11:36 am on Jan 8, 2006 (gmt 0)

WebmasterWorld Senior Member 10+ Year Member



It's 2006, and this year my site will be 3 years old. That means that there are members who have been around for that kind of time, many of whom haven't checked back in for quite some time. It's time to send them all reminder emails to suggest they log in again and say hi before their registrations lapse.

Is there any consensus on how long to give it before you retire old profiles? Some kind of happy medium that won't upset the forum members, but that means the site isn't full of hopelessly out of date information?

shigamoto

5:42 pm on Jan 8, 2006 (gmt 0)

10+ Year Member



I usually stick with a year, but I know sites who have about 6-months. It isn't an easy task to remove hard earned members so be careful. But still one can't let a number of dead-beats take server storage if they aren't using the service.

forumgirl

4:42 am on Jan 9, 2006 (gmt 0)



Interesting, have never heard of a forum actually deleting members because they are inactive for a period of time. Actually that's really not a good idea to tell you the truth. They will wonder why they are unable to login, if they try later. They will perhaps want to use their same user id and they may not be able to. They may not wish to register again, as it would look like they had two accounts.

Rosalind

5:08 am on Jan 9, 2006 (gmt 0)

WebmasterWorld Senior Member 10+ Year Member



Interesting, have never heard of a forum actually deleting members because they are inactive for a period of time. Actually that's really not a good idea to tell you the truth.

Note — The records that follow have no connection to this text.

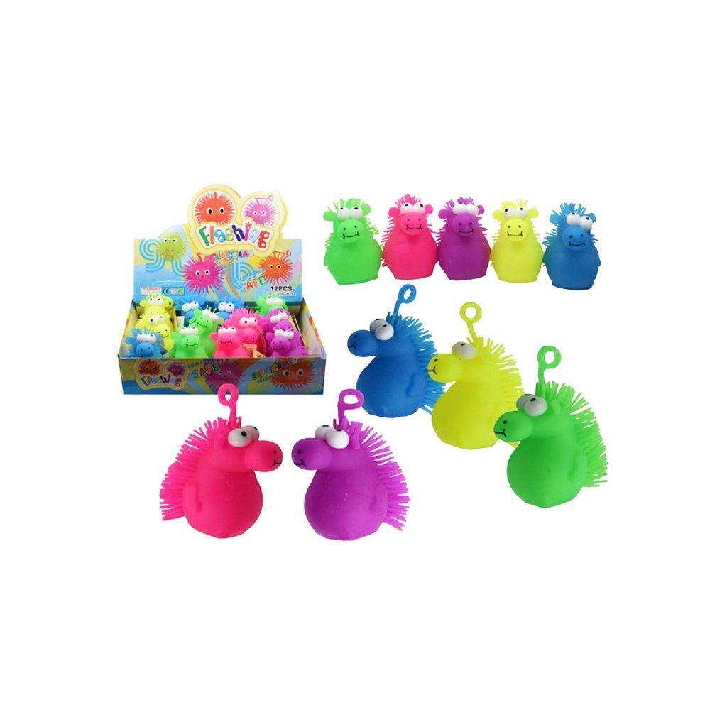 Svítící 10cm natahovací mořský koník. Možnost výběru z pěti barev – žluté, modré, zelené, fialové nebo růžové. Nevhodné pro děti do 3 let.Doplňkové parametry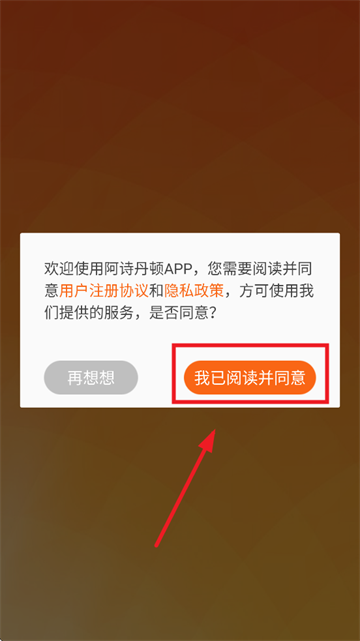 下载安装并打开阿诗丹顿APP,先点击我已阅读并同意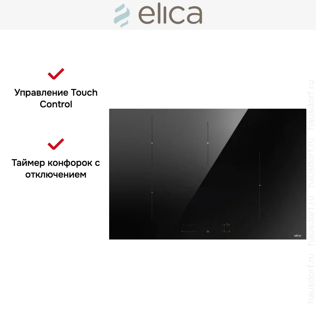 Варочная панель Elica Ratio 804 Plus BL — индукционная, независимая и рассчитана на электрическое подключение. Ее лаконичный черный корпус и гладкая стеклокерамическая поверхность создают строгий и изящный облик. Толщина корпуса всего 5.8 см делает прибор незаметным встраиваемым элементом рабочей зоны. Габариты 78×52 см и рекомендованная ниша 75×49 см подходят для большинства стандартных столешниц.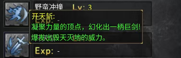 开天斩为蓄力型爆发技能,需短暂引导后挥出巨型剑影,对正前方扇形区域造成巨额物理伤害。其视觉辨识度高、伤害阈值稳定,是战士应对高血量精英怪或PVP关键反制时的核心终结技。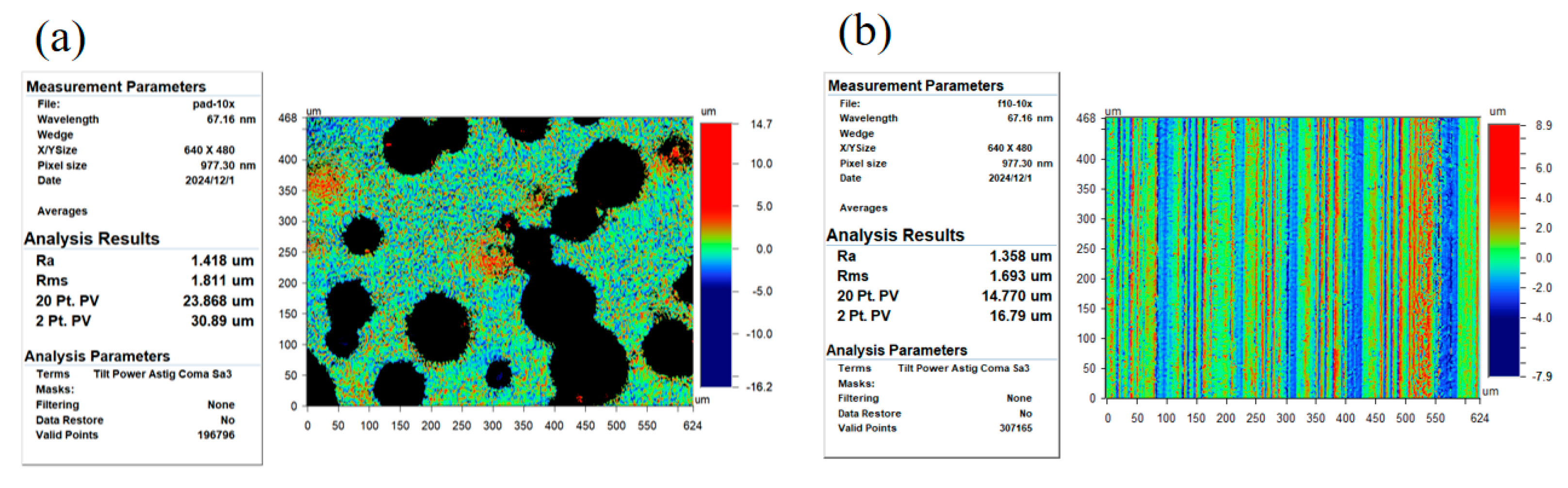- Wang, Z.; Wang, Z.; Liang, Y.; Meng, F.; Cui, Z.; Chen, T.; Yang, Y.; Fan, C.; Yu, T.; Zhao, J. Modelling of polyurethane polishing pad surface topography and fixed-point polished surface profile. Tribol. Int. 2024, 195, 109646. [Google Scholar] [CrossRef]

Well, I've settled on 2 years as my expiry period. I know it seems bizarre to be rejecting members when most forum owners struggle to keep them. But a lot of the email addresses bounce after a while, and details get out of date. My particular forum is first and foremost a meeting place, so it's going to be frustrating for the active members when they keep trying to contact people who aren't responding.

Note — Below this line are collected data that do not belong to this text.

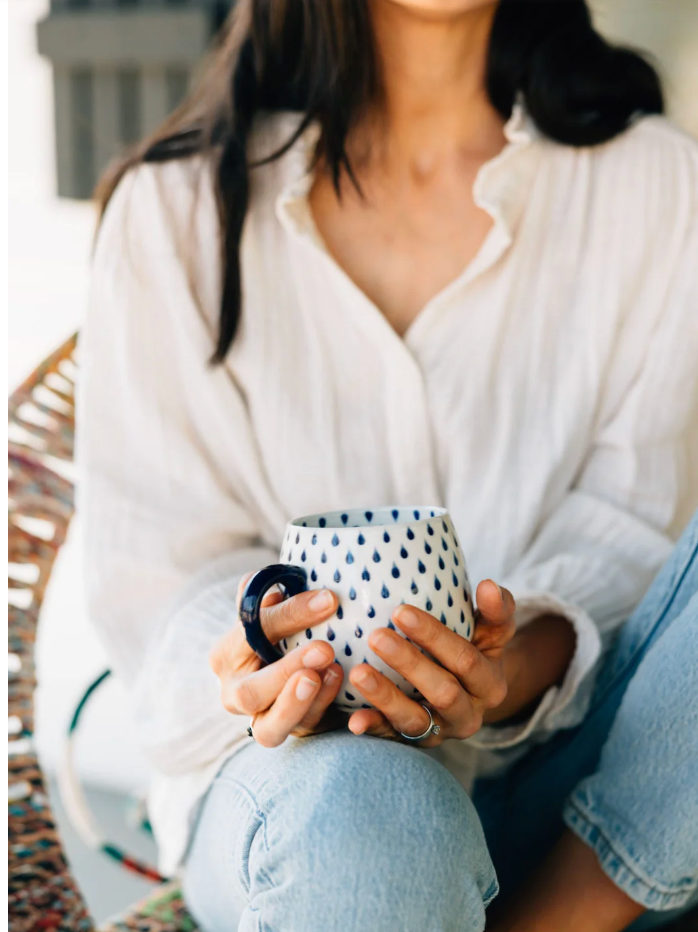 Warm up on a rainy day with a warm cup of tea. This mug is created and hand-painted in the village of Bat Trang, Vietnam, long-renowned for its pottery traditions. Here fair trade partnerships ensure that women artisans earn sustainable incomes by practicing the art of their ancestors.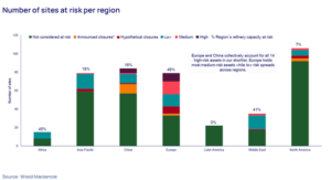 Middle East and Africa – Around 4.7 million b/d of capacity is at low or medium risk. In Africa, although all flagged sites are low-risk, they still represent nearly half of the continent’s refining capacity.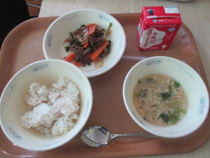 今日の給食のメニューは,ごはん,牛乳,プルコギ,レタスと卵のスープでした。子どもに人気のメニューです。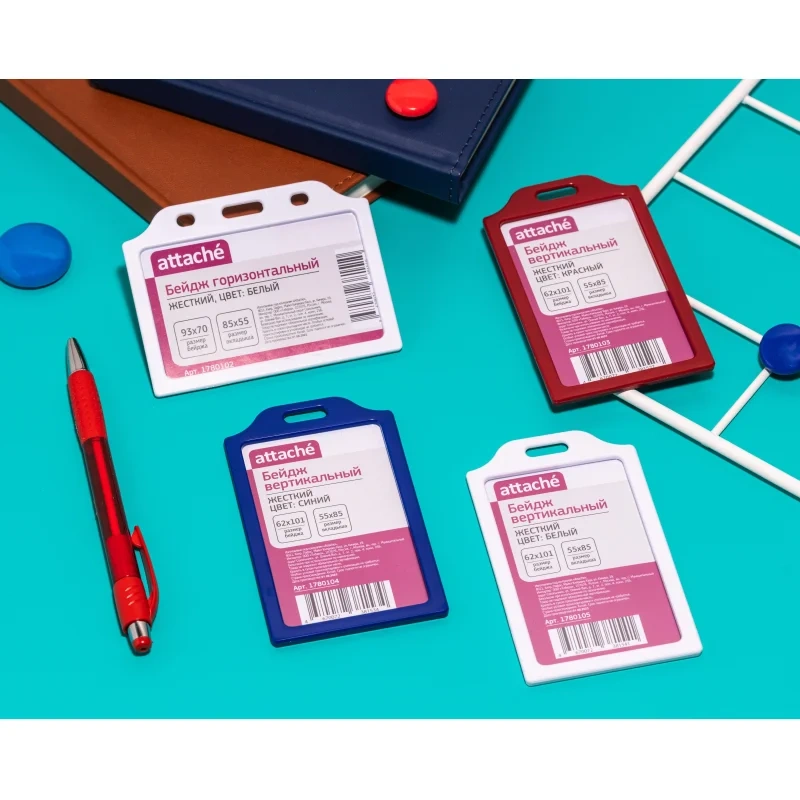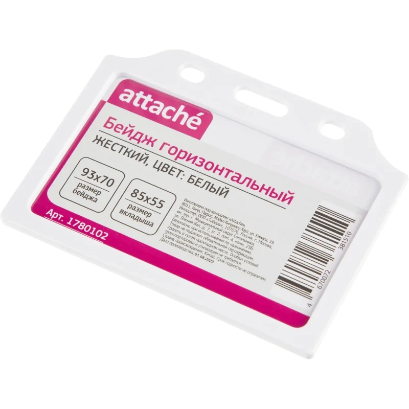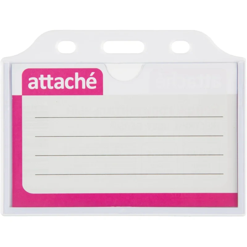 Двусторонний бейдж Attache горизонтальный, белый выполнен из жесткого пластика. Размер вкладыша — 85×55 мм. Размер бейджа 93×70 мм. Предназначен для использования на семинарах, конференциях, выставках и прочих мероприятиях. Страна производитель: Китай. На оборотной стороне карточки-вкладыша разлинованное поле.
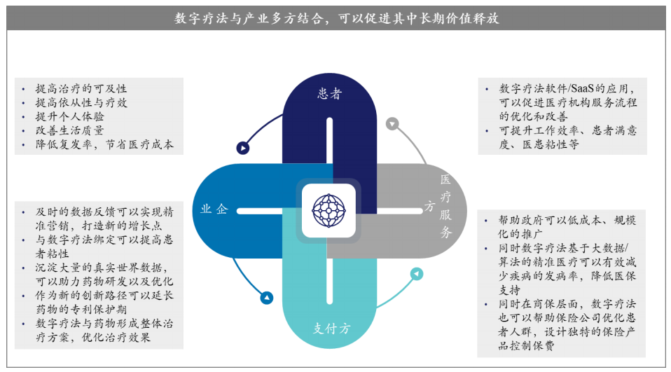 關(guān)于未來的發(fā)展趨勢,藍(lán)皮書指出,數(shù)字療法將在慢病及精神類疾病領(lǐng)域迎來高速發(fā)展,手機(jī)、可穿戴設(shè)備等移動終端的持續(xù)發(fā)展與普及將為數(shù)字療法的爆發(fā)提供基礎(chǔ),使其能夠無縫滲透以及連接人們?nèi)鞒痰慕】祱鼍?,包括健康管理、疾病的預(yù)防、治療以及術(shù)后康復(fù)等等。數(shù)字療法企業(yè)還面臨著諸多問題,如商業(yè)化、支付機(jī)制、依從性等問題,所以數(shù)字療法融合現(xiàn)有治療方式將成為新的發(fā)展方向。目前資本端、學(xué)術(shù)界以及醫(yī)療產(chǎn)業(yè)界都持續(xù)下注數(shù)字療法,臨床研究大幅增長,價值正在逐步釋放,未來商業(yè)化將逐漸清晰。

The other thing is, when you have a lot of members, the unpleasant truth is that some of them will have died.

larryhatch

5:25 am on Jan 9, 2006 (gmt 0)

WebmasterWorld Senior Member 10+ Year Member



Why not simply delete email addresses that bounce? Those are worthless anyway.

This allows seemingly inactive members to lurk without actually participating.
Some people hate to write, afraid of sounding dumb (maybe because they are).
It doesn't mean they are disinterested in the topic.
On the contrary, they must have had an interest to register in the first place. -Larry

rogerd

2:55 pm on Jan 9, 2006 (gmt 0)

WebmasterWorld Administrator 10+ Year Member



I'd differentiate in a couple of ways:

* Members who never posted vs. those that have posts

* Date of Last Visit

Once there are posts from a particular name, you probably don't want to delete that member. (Database-driven sites may convert posts by that member to some kind of generic name, like "guest". Old threads could be littered with undifferentiated posts.)